Fabrik

Bridget Riley: Painting Now
Sprüth Magers
November 16, 2018—January 26, 2019

A retrospective survey of paintings by British national treasure Bridget Riley is a rare treat in Los Angeles, and this exhibition of work made between 1960 and the present, defiantly titled Painting Now, proved that the 87-year-old artist is still firing on all cylinders.

The first and second canvases of “Memories of Horizons 1-3” (2014) hang together, at right angles; perhaps owing to their size (nearly 11 feet wide), the third is across the room. At first – and second, and third – look, 1 and 2 seem identical: horizontal stripe paintings in Riley’s signature hard-edged style, dominated by shades of dusky rose and violet with aquamarine accents. As one glances back and forth, rhythms emerge, subtle gradients build up then are interrupted, one color affects its neighbor, a third tone often fizzes at the meeting of two colors. (Robert Irwin comes to mind; “Memories of Horizons 1-3” is in direct dialogue with his painstaking rows of colored fluorescent tubes.) Eventually, the difference between the two paintings becomes apparent: a single stripe, near the top, that is mauve in one canvas and orange in the other. The entire painting pivots on this modest change.

 

 

If this observational exercise sounds like hard work, it isn’t. There is a joyful generosity in Riley’s painting that is nevertheless undergirded by rigorous perceptual study. The upstairs galleries are dominated by examples from the series “Measure for Measure,” the earliest of which is from 2016 and the most recent 2018. Riley burrows through endless possibilities within narrow parameters. All the paintings in “Measure for Measure” feature the same brown, sage green and violet discs, arranged (as opposed to Damien Hirst’s far less rigorous spot paintings) in diagonal grids. Initially, the somber “Measure for Measure” paintings seem almost depressing in comparison to the jazzy élan of black-and-white paintings such as “Cascando” (2015) or the early, dizzying, “Descending” (1965). As always, however, Riley rewards patience. The drab discs start to pulse and the negative white space around them appears to glow, as if backlit.

There is magic in Riley’s paintings, but as with the best magicians, she does not try too hard to hide the trickery.

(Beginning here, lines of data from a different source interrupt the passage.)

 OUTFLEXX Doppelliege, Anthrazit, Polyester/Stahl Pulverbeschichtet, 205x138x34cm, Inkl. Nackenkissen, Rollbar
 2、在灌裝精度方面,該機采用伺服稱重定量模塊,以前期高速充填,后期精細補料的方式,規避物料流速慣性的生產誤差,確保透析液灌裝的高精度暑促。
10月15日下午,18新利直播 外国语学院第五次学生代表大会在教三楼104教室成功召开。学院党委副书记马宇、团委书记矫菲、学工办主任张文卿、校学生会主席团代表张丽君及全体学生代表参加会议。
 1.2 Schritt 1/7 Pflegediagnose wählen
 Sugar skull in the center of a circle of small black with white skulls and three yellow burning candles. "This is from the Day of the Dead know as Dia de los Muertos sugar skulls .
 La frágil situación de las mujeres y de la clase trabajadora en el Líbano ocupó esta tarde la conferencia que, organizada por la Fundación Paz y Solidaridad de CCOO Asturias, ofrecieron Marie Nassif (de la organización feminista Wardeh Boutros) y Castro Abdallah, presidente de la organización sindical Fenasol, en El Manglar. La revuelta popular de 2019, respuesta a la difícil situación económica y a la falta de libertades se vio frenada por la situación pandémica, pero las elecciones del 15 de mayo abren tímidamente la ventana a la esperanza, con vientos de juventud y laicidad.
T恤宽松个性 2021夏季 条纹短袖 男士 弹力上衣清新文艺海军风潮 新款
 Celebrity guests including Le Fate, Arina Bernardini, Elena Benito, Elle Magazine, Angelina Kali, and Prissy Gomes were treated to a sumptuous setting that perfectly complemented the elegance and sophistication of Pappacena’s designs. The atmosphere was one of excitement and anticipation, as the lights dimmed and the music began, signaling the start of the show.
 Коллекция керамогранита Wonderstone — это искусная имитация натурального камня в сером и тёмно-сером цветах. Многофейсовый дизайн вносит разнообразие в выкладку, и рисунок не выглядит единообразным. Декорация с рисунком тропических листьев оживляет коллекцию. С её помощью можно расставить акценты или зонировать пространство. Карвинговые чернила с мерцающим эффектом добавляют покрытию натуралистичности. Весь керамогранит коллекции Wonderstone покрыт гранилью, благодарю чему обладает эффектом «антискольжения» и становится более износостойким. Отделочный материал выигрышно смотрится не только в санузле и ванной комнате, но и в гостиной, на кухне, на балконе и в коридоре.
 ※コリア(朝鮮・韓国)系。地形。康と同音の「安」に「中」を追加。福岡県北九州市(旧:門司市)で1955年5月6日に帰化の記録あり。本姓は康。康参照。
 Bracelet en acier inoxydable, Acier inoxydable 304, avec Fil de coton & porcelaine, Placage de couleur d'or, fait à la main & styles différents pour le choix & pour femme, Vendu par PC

She is not trying to fool you, but to teach you. Even though, for many years, she has employed skilled draftsmen to execute her paintings for her, the eye still catches the occasional pencil mark or line wobble. Those stripes are not masked with tape, but are hand-painted. Their imperfections – visible only up close – make Riley’s paintings all the more marvelous, since at a distance of a few feet they seem inhumanly perfect.